- Assignment -
Please restate each line of the data below exactly. Omit all images.

- Data extract -

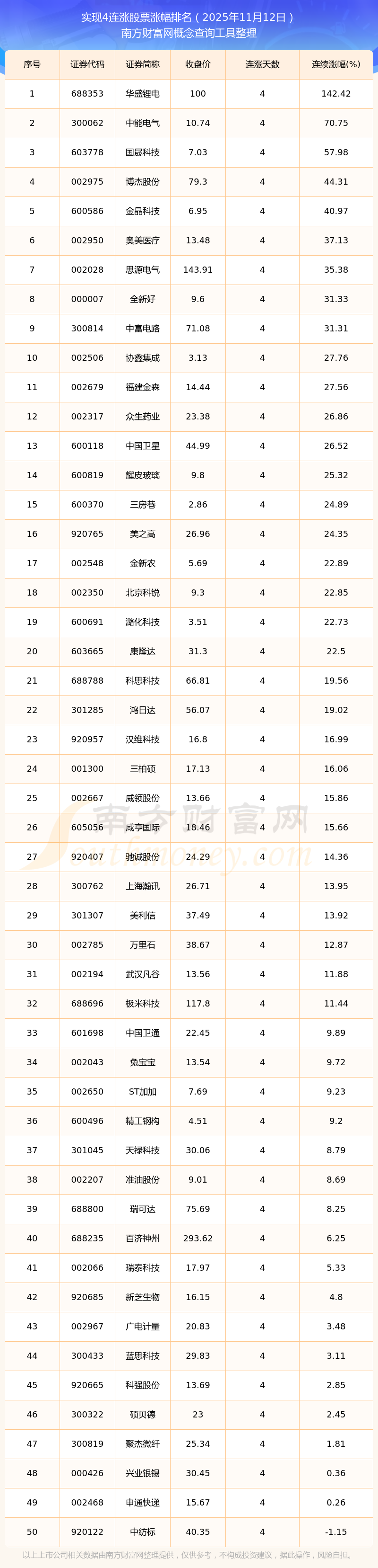 根據(jù)南方財(cái)富網(wǎng)概念查詢工具數(shù)據(jù)統(tǒng)計(jì),截止2025年11月12日收盤,共有51只個(gè)股實(shí)現(xiàn)4天連漲。其中連續(xù)漲幅較大的個(gè)股有華盛鋰電、中能電氣、國(guó)晟科技等,連續(xù)漲幅分別為142.42%、70.75%、57.98%。
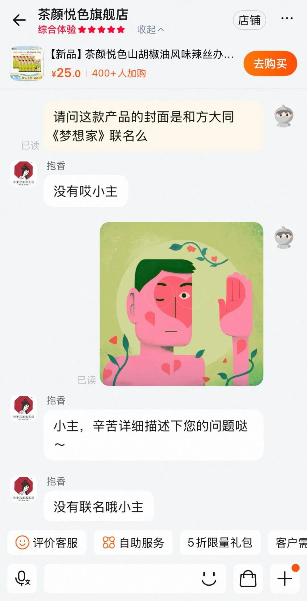 在山胡椒油风味辣丝的包装上,一位女孩在听音乐,手中拿着一张正方形的“纸”。不少网友认为这张“纸”与方大同于2024年10月发行的专辑《梦想家(The Dreamer)》的封面非常像,虽然眼睛鼻子嘴巴没有了,但配色和图形轮廓都极为相似。
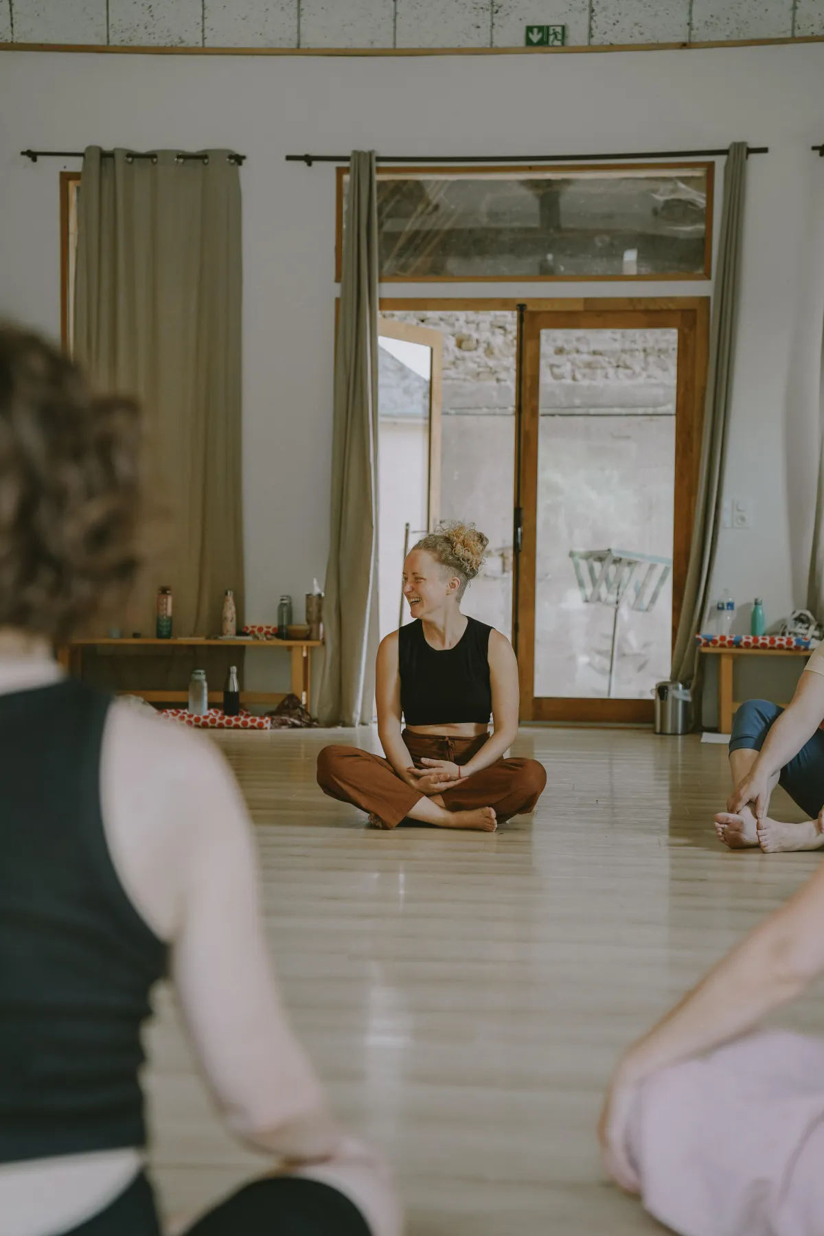 Julie guide avec une attention particulière au groupe, toujours à l’écoute, et son énergie nous reconnecte à notre corps, à notre cœur et à nous-mêmes.

- Output below -
 根據(jù)南方財(cái)富網(wǎng)概念查詢工具數(shù)據(jù)統(tǒng)計(jì),截止2025年11月12日收盤,共有51只個(gè)股實(shí)現(xiàn)4天連漲。其中連續(xù)漲幅較大的個(gè)股有華盛鋰電、中能電氣、國(guó)晟科技等,連續(xù)漲幅分別為142.42%、70.75%、57.98%。
 在山胡椒油风味辣丝的包装上,一位女孩在听音乐,手中拿着一张正方形的“纸”。不少网友认为这张“纸”与方大同于2024年10月发行的专辑《梦想家(The Dreamer)》的封面非常像,虽然眼睛鼻子嘴巴没有了,但配色和图形轮廓都极为相似。
 Julie guide avec une attention particulière au groupe, toujours à l’écoute, et son énergie nous reconnecte à notre corps, à notre cœur et à nous-mêmes.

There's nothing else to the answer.